Case In Point

Court Finds ESA-Only Termination Clause Unenforceable Due To Wording of Conflict of Interest and Confidential Information Clauses

Case In Point

Court Finds ESA-Only Termination Clause Unenforceable Due To Wording of Conflict of Interest and Confidential Information Clauses

Date: August 24, 2022

In Henderson v. Slavkin et al., the Ontario Superior Court of Justice found that a termination clause in an employment contract which limited entitlements upon termination to only the minimums required by the Employment Standards Act, 2000 (ESA) was unenforceable due to the wording of the provisions related to “confidential information” and “conflict of interest.”

In 2015, the plaintiff, a receptionist in a dental office, was asked by her employers (dental surgeons) to sign a new employment contract as they were contemplating retirement. Fresh consideration for the contract was provided. The contract contained a provision limiting entitlements upon termination only to those provided under the ESA. After 30 years of service, the plaintiff’s employment was terminated in April 2020. The plaintiff challenged the enforceability of the ESA-only termination clause and the parties agreed that if the Court found the clause to be unenforceable, 18 months’ notice would be owing.

Entitlements Upon Termination

The Court found that the provisions in the contract which related to confidential information and conflict of interest violated the ESA. Each provision contained a clause which provided that a failure to comply with the clause would constitute cause for termination without notice or compensation in lieu of notice. The Court stated: 

[38]      It is the position of the plaintiff that conduct that falls short of wilful misconduct cannot constitute dismissal for cause. The standard for just cause termination under the ESA entitles even those terminated with cause to minimal entitlements unless the employer can establish, pursuant to s. 2(1)(3) of Termination and Severance of Employment, O. Reg. 288/01, that the employee is guilty of wilful misconduct or wilful neglect of duty. While the defendants argue that the provisions enumerated above all bespeak wilful misconduct or wilful neglect of duty, I am unable to conclude that that is indeed the case, based on the wording thereof. I am, however, of the view that the provisions are overly broad and ambiguous. […]

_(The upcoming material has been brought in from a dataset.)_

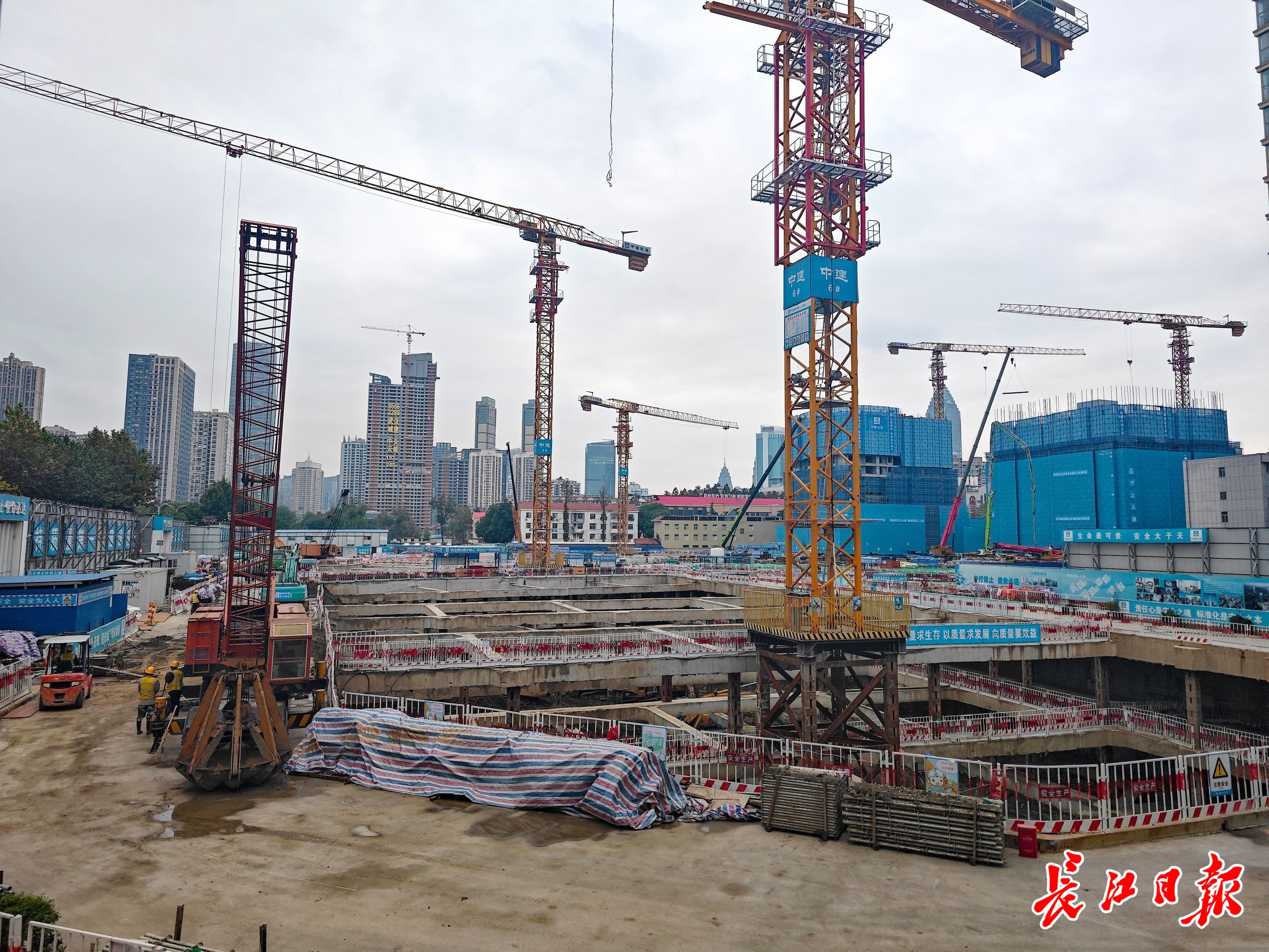 江汉区万松街道武汉三镇中心工地作业进行得如火如荼。见习记者陈星雨 摄

[42]      … Again, an employee is entitled to know at the beginning of an employment relationship what the employment will be at the end of their employment and how and when it may be terminated without cause. In this case, it is not clear in what circumstances the disclosure of confidential information may occur without immediate termination for cause without notice. One can conceive of a situation where confidential information may have been inadvertently disclosed in a situation where it is not wilful and/or where it is a trivial breach. This clause does not respect the ESA provisions in this regard.

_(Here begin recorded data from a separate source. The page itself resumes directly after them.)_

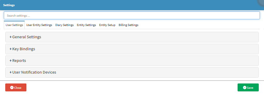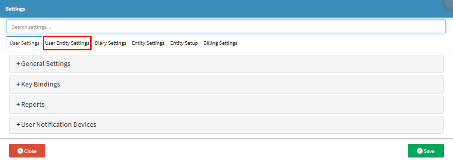 💡Please Note: User Entity Settings will always override Entity and Diary settings for the specific User.
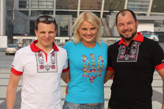 Ведущие олимпийской студии UA:Перший Дарья Кузнецова и Дмитрий Лазуткин (на фото справа) выбрали для себя наши вышиванки. Последняя новинка – женская вышиванка Моя страна (бирюзовая). Вышитый элемент по центру футболки изображен в виде цветущего герба, символизирует нашу веру в процветание и успех Украины. Вышиванка «Героям Слава» и Вышиванка «Слава Нации» пропагандируют объединительную идею. Женская модель «Слава Нации» также доступна по цене 350 гривен.
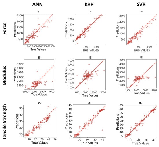 Comparing the other two ML approaches and RSM, it can be seen in Table 9 that the SVR algorithm has the highest R2 for F, E, and σt outputs. From here, it can be seen that increasing the nonlinearity of the model does not necessarily lead to better prediction accuracy. Compared with ANN, SVM has an advantage in predicting samples with limited data by using quadratic optimization and penalizing parameters to avoid falling into local minimums and overfitting [36]. Performance was relatively poor in terms of E prediction for all tested algorithms. This is visualized in Figure 13, where the true value of a response is plotted against the prediction of the model. A model that perfectly captures the behavior of the system is represented by a line of slope 1. Note that for all models, the corresponding graph of the predicted versus true value of E shows large deviations from the ideal behavior slope. The data for E showed the largest variability within replicates out of all of the measured outputs, which may explain why the algorithms have difficulty converging to a solution close to the “true” value.
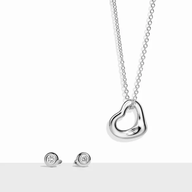 Die schlichte, aussagekräftige Form des Open Heart von Elsa Peretti trifft in diesem online-exklusiven Set auf ihre Diamonds by the Yard®-Kollektion. Der Anhänger aus Sterlingsilber wird durch ein Paar auffällige Diamantohrringe aus Sterlingsilber ergänzt. Tragen Sie die beiden Schmuckstücke zusammen, um eine maximale Wirkung zu erzielen. Das Set wird mit einer Schmuckschatulle in Tiffany Blue® geliefert.
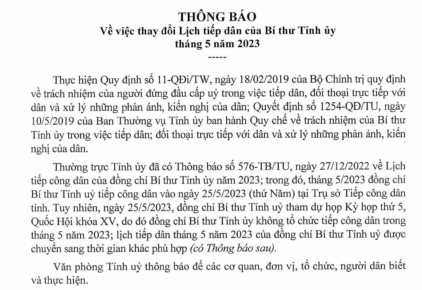 Thông báo về việc thay đổi Lịch tiếp công dân của Bí thư Tỉnh ủy tháng 5 năm 2023
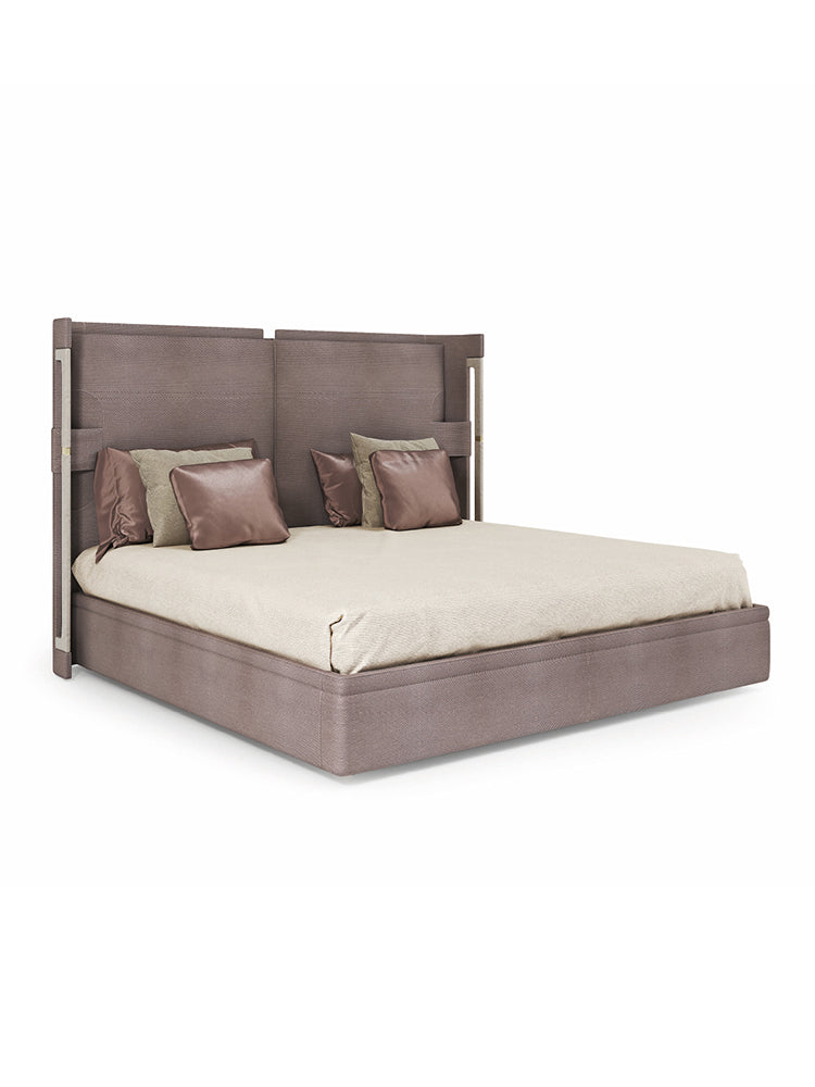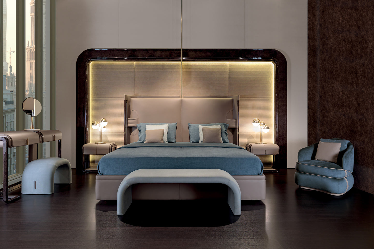 description | Eclipse bed is characterized by a design with modern and clean lines, almost entirely covered in leather or fabric. The headboard plays with wrapping bands on glossy lacquered wooden elements. It is ideally divided in two sections by the soft and tempting upholstery. The bed is available in standard size or king size. The light gold details enhance the shapes. |

The Court concluded that these clauses “were not in compliance with the ESA, and therefore invalidated the employment contract.” As a result, 18 months’ reasonable notice was owing.

Mitigation of Damages

On the issue of mitigation, the defendants argued that the plaintiff did not take reasonable steps to mitigate her damages. The plaintiff argued her employment was terminated at the height of the pandemic, which impacted her ability to find alternative employment. The Court took this factor into account in slightly reducing the reasonable notice, stating:

[54]      After moving to Glencoe, [the plaintiff] began to look for work. She applied to numerous positions, including medical offices, and finally secured employment as a frontline worker in a long-term care home.

[55]      This took 18 months from her notice of termination, 12 months from her last day of work. In normal circumstances, this would not meet the test for mitigation. However, given the pandemic, the long economic recovery, the difficulty in finding work as businesses slowly began to open, as well as the plaintiff’s age and her move to a smaller centre where rent was cheaper, I am of the view that there should be only a small deduction for the length of time it took her to mitigate in the circumstances. The plaintiff acted reasonably and did her best to find work once she moved from Toronto to Glencoe. I am of the view that the notice period should be reduced by 3 months in the circumstances.

Canadian Emergency Response Benefit (CERB)

The Court also considered the conflicting case law on whether CERB should be deducted from the wrongful dismissal damages awarded. It found that the CERB benefits did not amount to a collateral benefit and should not be deducted from the award.


The Court’s decision underscores that all provisions in an employment agreement will be read together in assessing an employee’s entitlements upon termination, and reaffirms the importance of ensuring that all provisions are in compliance with the ESA to minimize the risk of them being found unenforceable.